Merriam-Webster Online defines racism “as a belief that race is the primary determinant of human traits and capacities and that racial differences produce an inherent superiority of a particular race.” That seems pretty clear cut. Why is it then that our society, press, culture, academics, and even our political leaders misrepresent the word so often?

The definition of racism has been expanded over the years to include many other facets of the human condition. From kids.net we get a definition that “racism or racialism is a form of discrimination based on race, especially the belief that one race is superior to another. Racism may be expressed individually and consciously, through explicit thoughts, feelings, or acts, or socially and unconsciously, through institutions that promote inequality between races.”

Encyclopaedia4U.com expands on this again. “Racism is a phenomenon in which people mistreat, discriminate against, dislike or even hate, have disdain for, or regard as inferior other people based on their real or perceived race. The term is almost always used pejoratively, with accusations of racism being very common but with few describing themselves as racist. The term racialism is sometimes favored as a less negative term by those who hold certain beliefs about other races which they believe to be scientifically justified.” That one pretty much includes everybody.

Could it be because it has such a negative connotation that the mere use of the word racism is guaranteed to get results? What we have allowed to take place is the definition of racism to be expanded to include prejudice and racial discrimination. These are serious issues, but they are not the same thing.

As well, we have begun to stigmatize certain human conditions that, while they may be learned, are completely normal and understandable.

Someone once posed the following hypothetical question to me:
” If you had to make a choice between two job applicants, one being white and one being black, who would you most likely hire?” Well, I pondered for a bit and considered my response, and then concluded that I would hire the most qualified person for the job dependant on my ability to pay them what they were asking.

I was then asked who I would hire if all factors besides race were equal. My answer was that I would hire the individual with whom I had the most in common and with whom I shared the same moral values. I was then labeled as a racist for the sake of the argument. Notice how my accuser simply assumed I would choose the white person based on that criteria. I would not. (It was a friendly discussion.) I will not simply assume that the person with my skin colour would have the most in common with myself, but if that were the case, so be it.

People have a natural attraction to people with the same cultural foundation, the same moral beliefs, and people with the same tastes. When I see a black person pass by me without a word and then stop to talk to the black person who was behind me, should I simply draw the conclusion that black people are racist, or at least in the case of this individual? Of course not, but unfairly, the same measure is not applied by everyone. Instead of simply thinking that I was bypassed because I was white, I would simply assume that we all naturally gravitate to those with whom we are more likely to share similar tastes and cultures.

While there are obviously many cases of racial discrimination, some of it overt and some intentional, I believe that we simply overuse the term.

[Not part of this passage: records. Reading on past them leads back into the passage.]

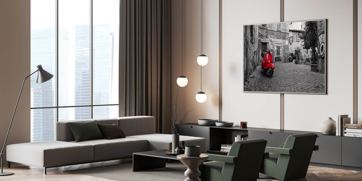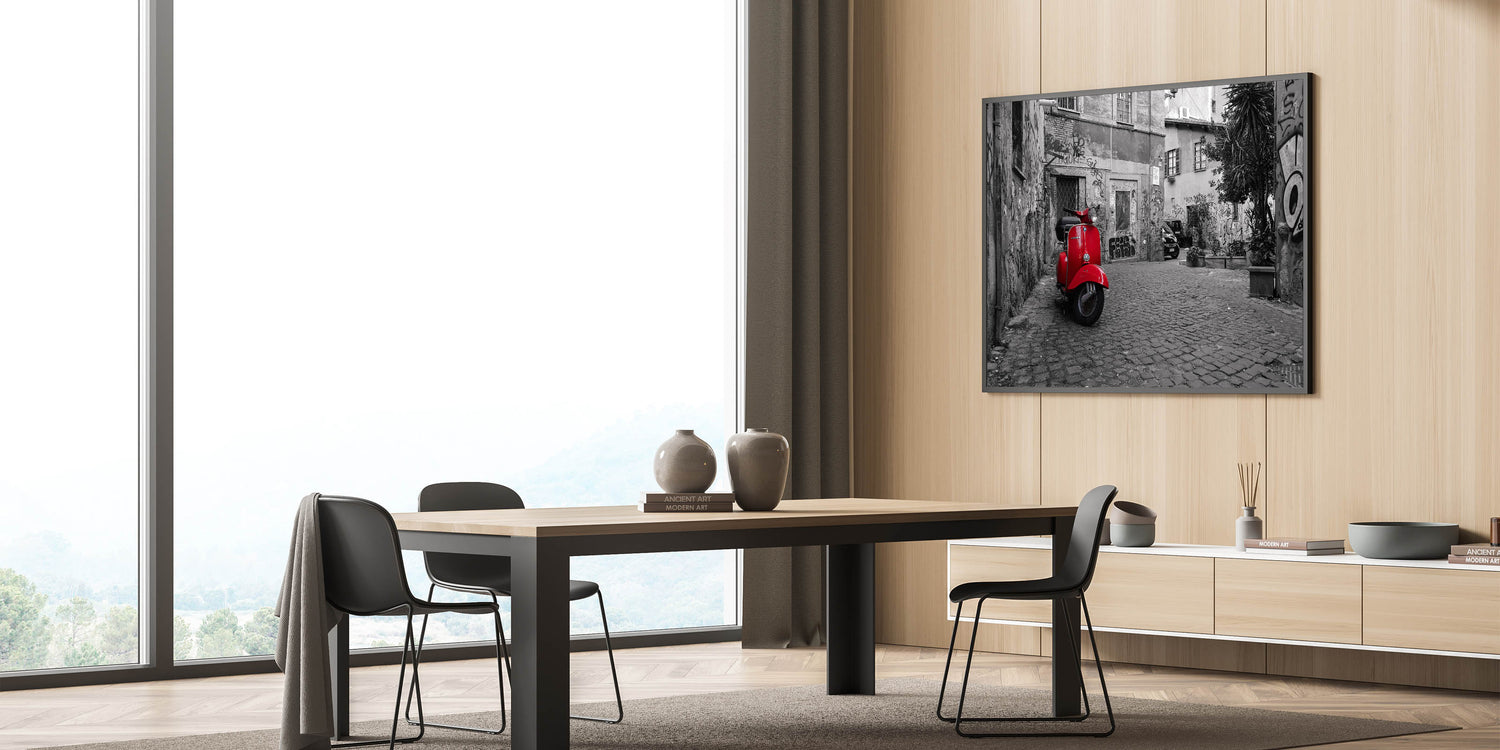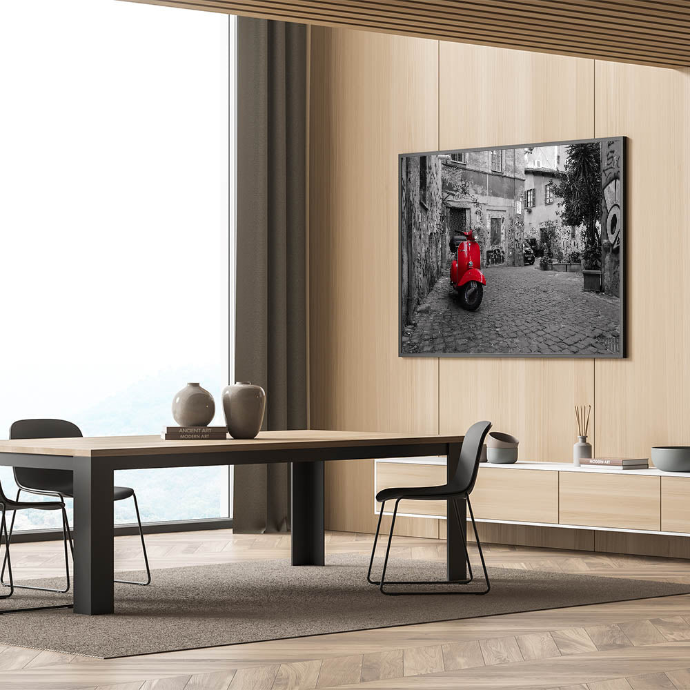 Bring a touch of Rome Cityscape to your space with this captivating canvas print featuring a vibrant red Vespa in the charming streets of Trastevere. The contrast between the black and white photography and the iconic red Vespa creates a striking visual that captures the essence of Rome’s urban charm. Perfect for lovers of Rome Wall Art and Italian architecture, this artwork embodies the spirit of Rome’s lively neighborhoods.
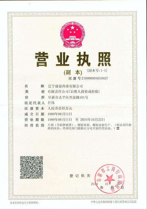 [企業(yè)法人]:遼寧康泰藥業(yè)有限公司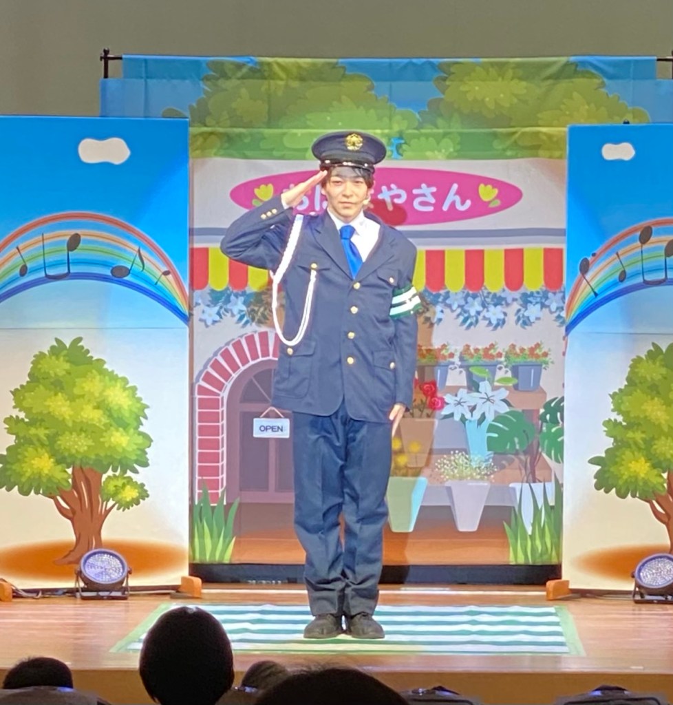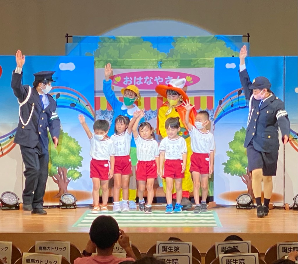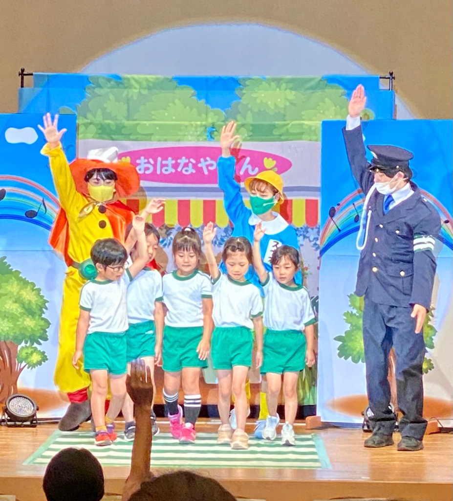 劇中には代表のお友達がステージに上がって横断歩道の渡り方を体験学習してくれました。
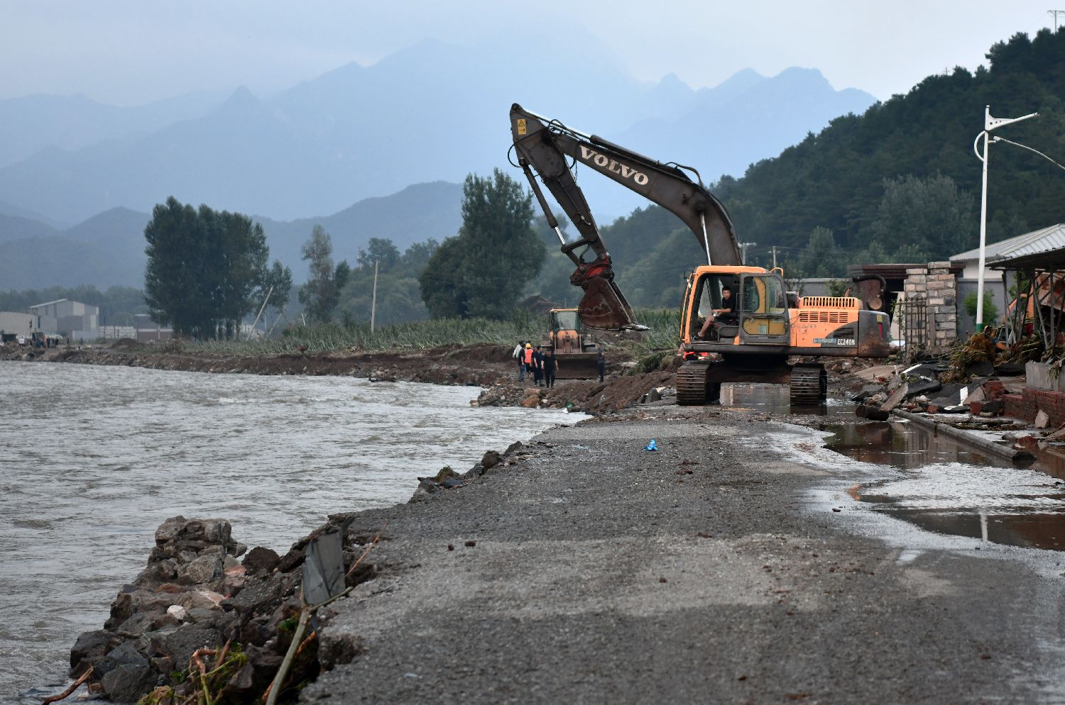 目前,道路、电力、通讯等抢修正在有序进行。图为7月28日,工作人员抢修道路。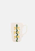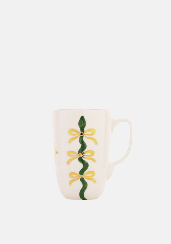Hand-painted ribbons and bows wrap this tall ceramic mug, turning everyday coffee into a joyful ritual. Bright, fun, and unmistakably Gunia.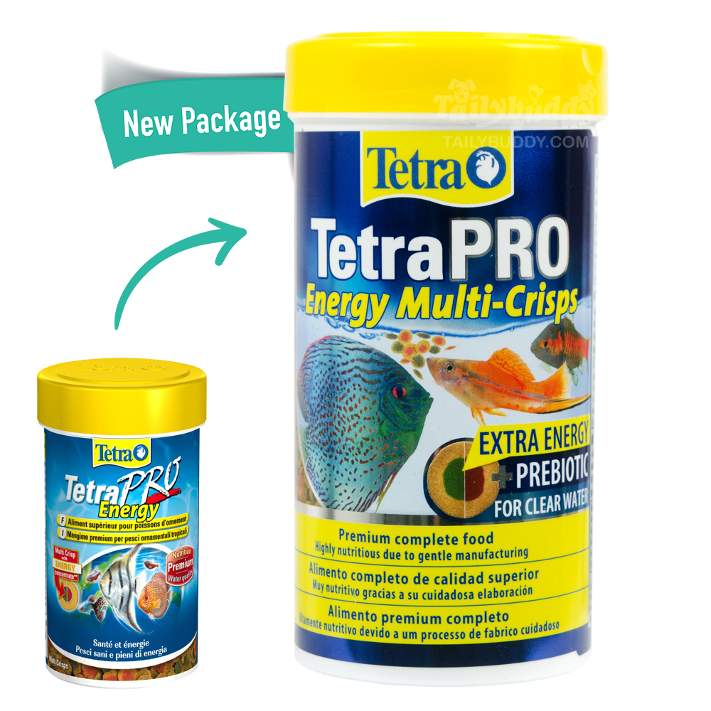 TETRAPro Energy Multi crisps เต็ดตร้าโปร เอ็นเนอร์จี้ มัลติ คริปส์อาหารชนิดแผ่นคริปส์ ที่ผ่านกระบวนผลิตโดยใช้ความร้อนต่ำ ทำให้ได้คุณค่าทางอาหารที่สูง สูตรเพิ่มพลังงานช่วยให้ปลามีชีวิตชีวามากขึ้นมีสัดส่วนของอาหารระหว่างโปรตีนและไขมันที่สมดุล ช่วยกระตุ้นให้ปลามีการเจริญเติบโตมีส่วนผสมของ BioActive ช่วยรักษาระบบภูมิคุ้มกันให้แข็งแรง และพรีไบโอติกเพื่อช่วยในการทำงานของระบบย่อยอาหารอาหารแผ่นคริปส์ ช่วยลดปริมาณเศษฝุ่นของอาหารที่อยู่ในตู้ปลา เต็ดตร้าโปรเอนเนอร์จี้ เป็นสารที่ช่วยในการย่อยอาหาร ช่วยลดของเสียจากปลา และยังเพิ่มวิตามิน โอเมก้า3 เข้าไปอีกด้วย ดังนั้นนอกจากจะดูน่ากินขึ้นแล้ว สรรพคุณต่างๆก็ยังมีเยอะเกิน ทำให้ชักจะไม่แน่ใจแล้วว่านี้คืออาหารปลา รึว่าวิตามินแผ่นกันแน่
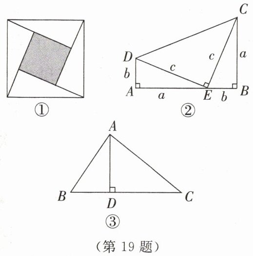 19. 教材在探索平方差公式时利用了面积法,这种方法不仅可以帮助我们记忆公式,还能直观地推导或验证公式,俗称“无字证明”。例如,著名的“赵爽弦图”(如图①所示,其中四个直角三角形较长的直角边的长度都为$a$,较短的直角边的长度都为$b$,斜边的长度都为$c$)中的大正方形的面积可以表示为$c^2$,也可以表示为$4×\frac{1}{2}ab+(a - b)^2$,由此推导出重要的勾股定理:直角三角形两条直角边长度的平方和等于斜边长度的平方,如果用$a$,$b$和$c$分别表示直角三角形的两条直角边和斜边的长度,那么$a^2 + b^2 = c^2$。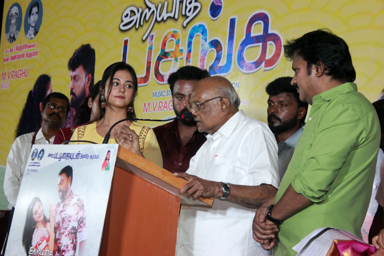 திமுக பேச்சாளர் சிவாஜி கிருஷ்ணமூர்த்தி பேசுகையில், “சினிமாவில் முன்னேறுவதை விட, முன்னேறிய பிறகு அந்த இடத்தில் இருந்து சறுக்கி விடாமல் இருக்க வேண்டும். எனவே, என் தம்பி ரகுவுக்கு நான் சொல்வது, நீங்கள் வெற்றி என்ற படிக்கட்டில் ஏறும் போது அதை எண்ணிக்கொண்டு ஏறுங்கள், ஏறிய பிறகு அந்த இடத்தில் இருந்து இறங்கிவிடாமல் பார்த்துக் கொள்ளுங்கள். தம்பி பேசும் போது, பலர் வாய்ப்பு கிடைக்காமல் இருக்கிறார்கள், எனக்கு அந்த வாய்ப்பு கிடைத்திருக்கிறது, எனவே தம்பியை வாழ்த்துங்கள் என்று சொன்னார். 19 வயதிலேயே நான் திருமணங்களுக்கு சென்று வாழ்த்தியவன், நான் வாழ்த்தியவர்கள் அனைவரும் சீரும் சிறப்புமாக இருக்கிறார்கள். எனவே, தம்பி ரகு மிகப்பெரிய வெற்றியை பெறுவார், அவர் வெற்றி பெற்ற பிறகு என்னை மறவாமல் இருக்க வேண்டும், என்று கேட்டுக் கொண்டு வாழ்த்தி விடைபெறுகிறேன், நன்றி.” என்றார்..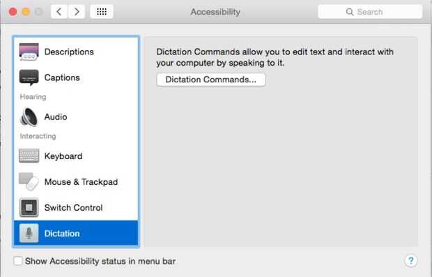 Finalmente para completar la instalación, desea volver a la configuración, haga clic en accesibilidad. Haga clic en la indicación y luego haga clic en comandos de dictado. A partir de ahí marcar la casilla que dice "Enable advanced comandos". Ahora estás listo para ir! Hay dos maneras de añadir tus propios comandos, la primera forma es hacer clic en el plus debajo del cuadro de comandos de dictado y tendrá varios desplegable menús para seleccionar el programa o archivo que desea abrir o texto a pasta etc, y lo del comando que desea utilizar para él. Esta es la manera rápida y fácil. La forma más flexible es utilizar automator.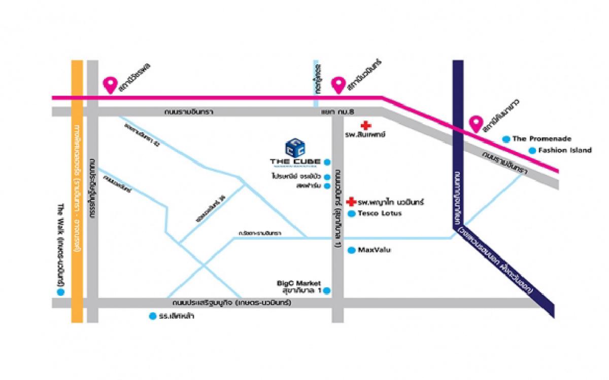 ทำเล : โครงการ The cube นวมินทร์ - รามอินทรา ค่อนข้างสะดวกกับคนที่ต้องการเดินทางโดยการขนส่งสาธารณะ และ รถยนต์ส่วนตัว เพราะในอนาคตจะมีรถไฟฟ้าสายสีชมพู สถานีนวมินทร์ อยู่ไม่ไกลตัวโครงการ อีกทั้งถนนรามอินทรายังมีเส้นทางเข้าสู่ใจกลางเมืองหรือออกนอกเมืองที่สะดวก เชื่อมต่อกับถนนเส้นสำคัญหลายสาย เช่นเชื่อมต่อสู่เส้นลาดพร้าว , เกษตร - นวมินทร์ , พหลโยธิน และยังมีถนนวงแหวนรอบนอกด้านตะวันออก สามารถเชื่อมต่อกับเส้นมอเตอร์เวย์ได้เช่นกัน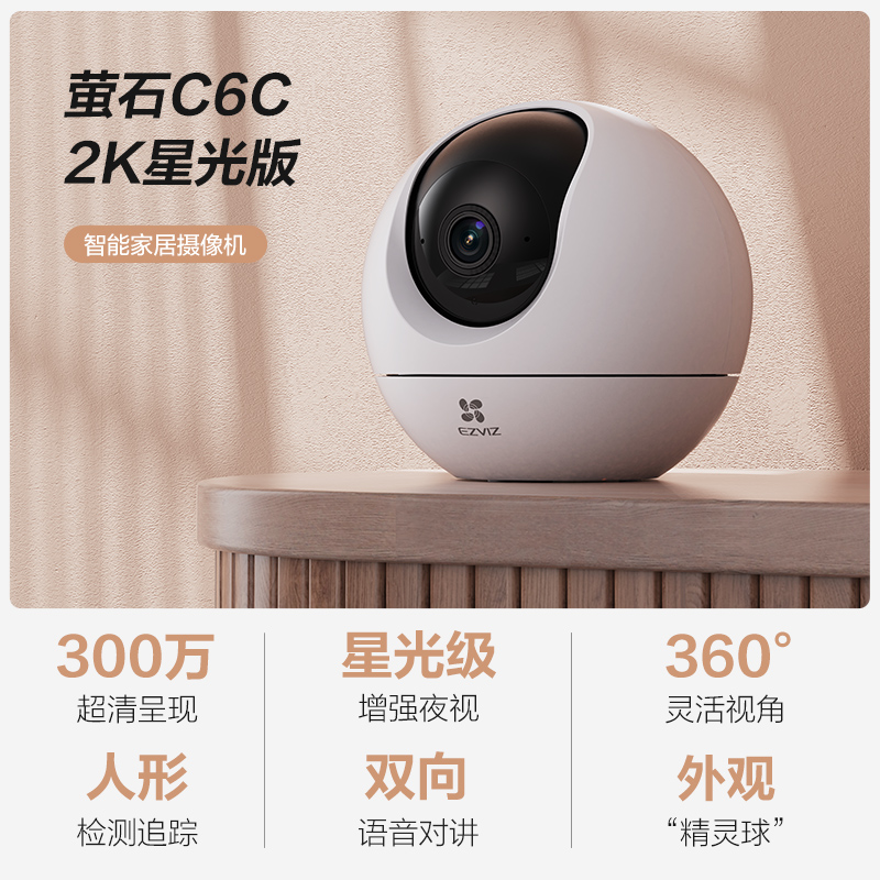 萤石这款C6c 2K星光版智能云台摄像头,配置300万像素,星光级传感器进一步提升感光性能,分辨率最高可达2560x1440P,画质更细腻;搭配智能降噪算法,画面无噪点,更自然、更真实。水平旋转角度可达340°,可视角度可达360°,垂直旋转角度可达130°。步进式电机设计,旋转更稳定。满足多角度观察需求。搭载两颗LED红外灯,夜间照射可达10米,搭配两颗850nm红外补光灯,有效提升夜间画面清晰度。多种AI智能检测,自动捕捉其运动轨迹追踪跟拍。

I recently read an article by a university professor stating that he believed that he benefited from what he called “white privilege.” He reasoned that by being white in a white society, this made him more likely to be given a pass for his short-comings. He is probably right. He then stated that we should work to undo this injustice. I say hogwash.

Were I to travel to a predominantly black nation, I would no doubt be looked upon in a different way than a black person would. Whether this is wrong in some people’s eyes, it is a simple fact and a perfectly reasonable response from anyone. Maybe I simply have a calm heart, but for the life of me, I wouldn’t feel offended. I wouldn’t be walking down the street feeling slighted, I would simply understand that I come from a different culture and that is fine. In time, people would perhaps judge me for who I am, but that would take some effort on my part.

I have found myself at the local mall surrounded by a group of young black people before. For the life of me, I usually have to exert some effort to understand their brand of English, one that is filled with the spirit of their culture and one that sounds nothing like the English that I use. That doesn’t make it bad, simply different. I believe that they carry on this language barrier to separate themselves and to continue their own heritage. Again, I think this is healthy.

One must realize though, that by doing these things, it sets them apart from the mainstream and it puts them into an entirely different culture. It is this culture difference that I find most people can’t overlook; not simply one’s colour or race. Were I to travel to a foreign land and devise a way to speak their tongue and put my own cultural twist on it, I would find it rather difficult to not be looked on as different.

I am hardly suggesting that we all become the same. That would be a travesty. But I do think that it is time that we stop labeling so many things as racism and start to understand that there may be other deciding factors in the way people treat us.